Well, one option is certainly using java.util.TreeMap.
It has lowerKey and higherKey methods, which do excatly what you want.
I had a similar problem: I wanted to find the closest element to a given key in a SortedMap. I remember the answer to this question being, "You have to hack TreeSet," so when I had to implement it for a project, I found a way to wrap TreeSet without getting into its internals.
I didn't see jazmit's answer, which more closely answers the original poster's question with minimum fuss (two method calls). However, those method calls do more work than needed for this application (multiple tree traversals), and my solution provides lots of hooks where other users can modify it to their own needs.
Here it is:
import scala.collection.immutable.TreeSet
import scala.collection.SortedMap
// generalize the idea of an Ordering to metric sets
trait MetricOrdering[T] extends Ordering[T] {
def distance(x: T, y: T): Double
def compare(x: T, y: T) = {
val d = distance(x, y)
if (d > 0.0) 1
else if (d < 0.0) -1
else 0
}
}
class MetricSortedMap[A, B]
(elems: (A, B)*)
(implicit val ordering: MetricOrdering[A])
extends SortedMap[A, B] {
// while TreeSet searches for an element, keep track of the best it finds
// with *thread-safe* mutable state, of course
private val best = new java.lang.ThreadLocal[(Double, A, B)]
best.set((-1.0, null.asInstanceOf[A], null.asInstanceOf[B]))
private val ord = new MetricOrdering[(A, B)] {
def distance(x: (A, B), y: (A, B)) = {
val diff = ordering.distance(x._1, y._1)
val absdiff = Math.abs(diff)
// the "to" position is a key-null pair; the object of interest
// is the other one
if (absdiff < best.get._1)
(x, y) match {
// in practice, TreeSet always picks this first case, but that's
// insider knowledge
case ((to, null), (pos, obj)) =>
best.set((absdiff, pos, obj))
case ((pos, obj), (to, null)) =>
best.set((absdiff, pos, obj))
case _ =>
}
diff
}
}
// use a TreeSet as a backing (not TreeMap because we need to get
// the whole pair back when we query it)
private val treeSet = TreeSet[(A, B)](elems: _*)(ord)
// find the closest key and return:
// (distance to key, the key, its associated value)
def closest(to: A): (Double, A, B) = {
treeSet.headOption match {
case Some((pos, obj)) =>
best.set((ordering.distance(to, pos), pos, obj))
case None =>
throw new java.util.NoSuchElementException(
"SortedMap has no elements, and hence no closest element")
}
treeSet((to, null.asInstanceOf[B])) // called for side effects
best.get
}
// satisfy the contract (or throw UnsupportedOperationException)

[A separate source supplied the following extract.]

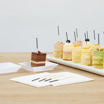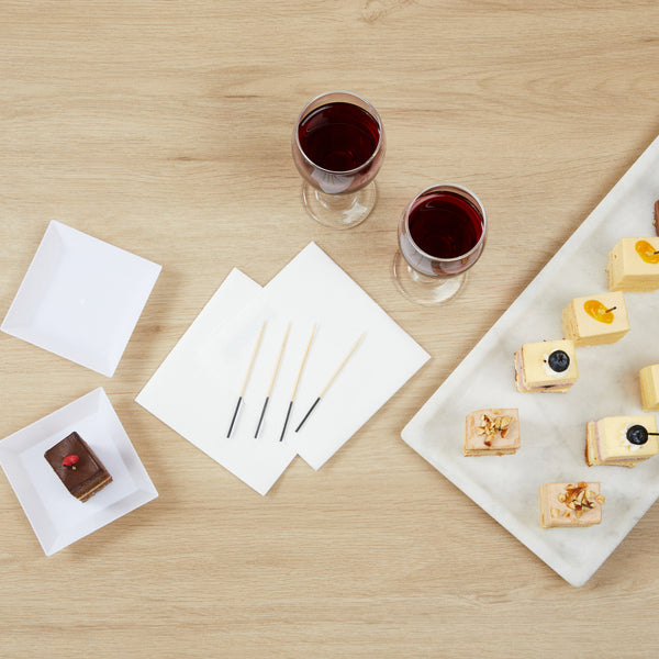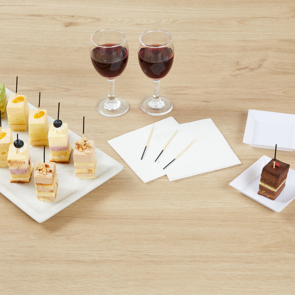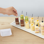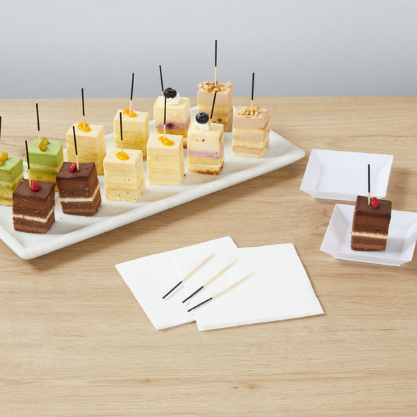 Enhance your cocktail presentations and desserts with our Pixy Bamboo Hand-Dipped Skewers. Featuring a sleek black finish, these skewers add a touch of elegance and sophistication to any dish. Crafted from sustainable bamboo, these wooden food picks offer a durable and disposable solution for food services. The smooth finish of these black skewers guarantees a comfortable, splinter-free experience, making them ideal for effortless handling. Designed with a sharp point, these bamboo toothpicks pierce through meats, cheeses, and fruits with ease, ensuring a seamless serving experience. These cocktail skewers measure 3.5 inches in length and are perfect for bite-sized portions. Sold in a 1000 count box.

def +[B1 >: B](kv: (A, B1)): SortedMap[A, B1] =
new MetricSortedMap[A, B](
elems :+ (kv._1, kv._2.asInstanceOf[B]): _*)
def -(key: A): SortedMap[A, B] =
new MetricSortedMap[A, B](elems.filter(_._1 != key): _*)

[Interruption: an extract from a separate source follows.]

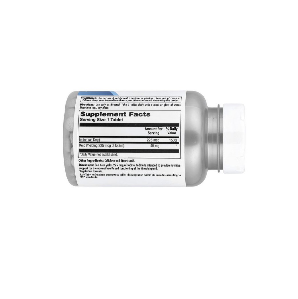 Kelp 225 мкг от KAL – добавка к пище, поставляющая в организм легкоусвояемую органическую форму йода из ламинарии. Эта бурая океаническая водоросль содержит микроэлемент в высокой концентрации. Помимо этого, она насыщена витаминами, аминокислотами, другими минеральными элементами. И все они легко усваиваются в человеческом организме. Предназначение БАДа – профилактика йододефицита и связанных с ним заболеваний щитовидной железы.

def get(key: A): Option[B] = treeSet.find(_._1 == key).map(_._2)
def iterator: Iterator[(A, B)] = treeSet.iterator
def rangeImpl(from: Option[A], until: Option[A]): SortedMap[A, B] =
new MetricSortedMap[A, B](treeSet.rangeImpl(
from.map((_, null.asInstanceOf[B])),
until.map((_, null.asInstanceOf[B]))).toSeq: _*)
}
// test it with A = Double
implicit val doubleOrdering =
new MetricOrdering[Double] {
def distance(x: Double, y: Double) = x - y
}
// and B = String
val stuff = new MetricSortedMap[Double, String](
3.3 -> "three",
1.1 -> "one",
5.5 -> "five",
4.4 -> "four",
2.2 -> "two")
println(stuff.iterator.toList)
println(stuff.closest(1.5))
println(stuff.closest(1000))
println(stuff.closest(-1000))
println(stuff.closest(3.3))
println(stuff.closest(3.4))
println(stuff.closest(3.2))
I've been doing:
val m = SortedMap(myMap.toSeq:_*)
val offsetMap = (m.toSeq zip m.keys.toSeq.drop(1)).map {
case ( (k,v),newKey) => (newKey,v)
}.toMap
When I want the results of my map off-set by one key. I'm also looking for a better way, preferably without storing an extra map.